# Social-Economic Variables Collection and Preprocess

The data collected from EPS data platform, 21 variables are selected from the following social and economic perspectives, which we assume may have relation with the gender-specific crime:

### 1) The general economy (3 Variables)

    GDP per capita (yuan), 

    Secondary industry as percentage to GDP, 

    Service Sector as Percentage to GRP

### 2) Employment and consumption of citizens (5 Variables)

(used for evaluating the quality of residents' lives)

    Number of employees at the end of the year (10,000 Yuan),
    
    Number of the registered unemployed at the end of year, 
    
    Average annual salary per urban employee (Yuan), 
    
    Number of average employees on site (10,000 Yuan), 
    
    Total retail sales of social consumer goods (10,000 Yuan) (5)
    
    
### 3） Education level (3 Variables)
    Government expenditure on Science (10,000 yuan),
    
    Government expenditure on Education (10,000 yuan), 
    
    Number of secondary schools
### 4） Cultural development  (2 Variables)
    Number of theaters, 
    
    Collections of public libraries (100 people)
### 5) Population (4 Variables)
    Population at Year-end (10000 persons), 
    
    Population (registered residence population) at the end of the year (10,000), 
    
    Number of male population (registered residence population) at the end of the year (10,000), 
    
    Number of female population (registered residence population) at the end of the year (10,000)
### 6) Urbanization (2 Variables)
    Natural growth rate (‰), 
    
    Population density (person / square kilometer)
### 7) The quality of government service: 
    Number of employees joining urban basic medical care system,
    
    Persons covered of unemployment insurance

## Read the socio-economic data

The original data are stored in 9 excel files. For each there is at least 1, at most 3 variables.
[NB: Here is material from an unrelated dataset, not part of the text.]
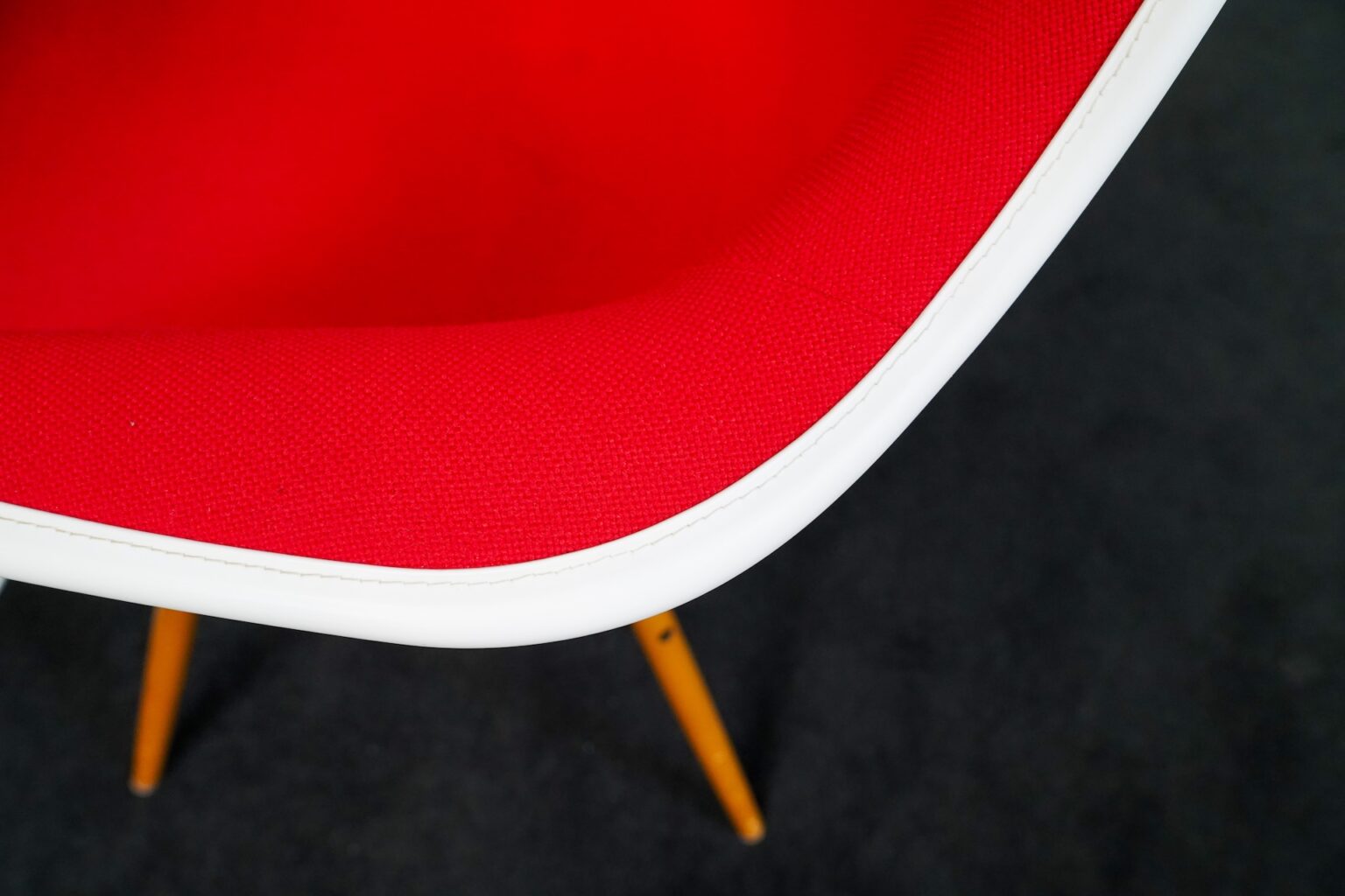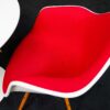 Stühle: Kunstoff | Weiss | Bezug Hosak Rot | Gestell Holz | H: 81cm | SH: 47cm | B: 61cm | T: 61cm

For each variable, the data start from 2014 to 2018. 

Read the original data and store each variable in a dataframe.

In [10]:
import pandas as pd


#The original data are stored in 9 excel files, in each excel file there is at least 1, at most 3 variables. 
#For each variable, the data start from 2014 to 2018.
#The number of observations of each variable vary from each other.
def tran_to_df(file_name):
    '''
    Transfer each csv file which contains 1 or more indices into dataframes, each index maps a dataframe.
    
    Input:
      a csv file name (string)
    Output:
        a list of dataframes, each dataframe maps a index
    '''
    pd_o = pd.read_csv(file_name,header = None,names = ["city", "2014", "2015", "2016","2017","2018"], encoding = "ansi")
    
    a = list(pd_o[pd_o.city == "北京"].index)
    l_df = []
    
    #if more than one index
    if len(a) > 1:
        for i, item in enumerate(a):
            if i > 0:
                df_i = pd_o.iloc[a[i-1]:item,:]
                l_df.append(df_i)
                if item == a[-1]:
                    df_last = pd_o.iloc[item:,:]
                    l_df.append(df_last)
    else:
        l_df.append(pd_o)
    return l_df


#store all dataframe in a list, each dataframe maps a index
l_all_df = []
l_len = []
for i in range(1,9):
    l_one = tran_to_df("{}-19.csv".format(i))
    l_all_df += l_one

#check if the number of dataframes is equal to the number of variables in original data
len(l_all_df)

21

## Preprocess the data (match and average)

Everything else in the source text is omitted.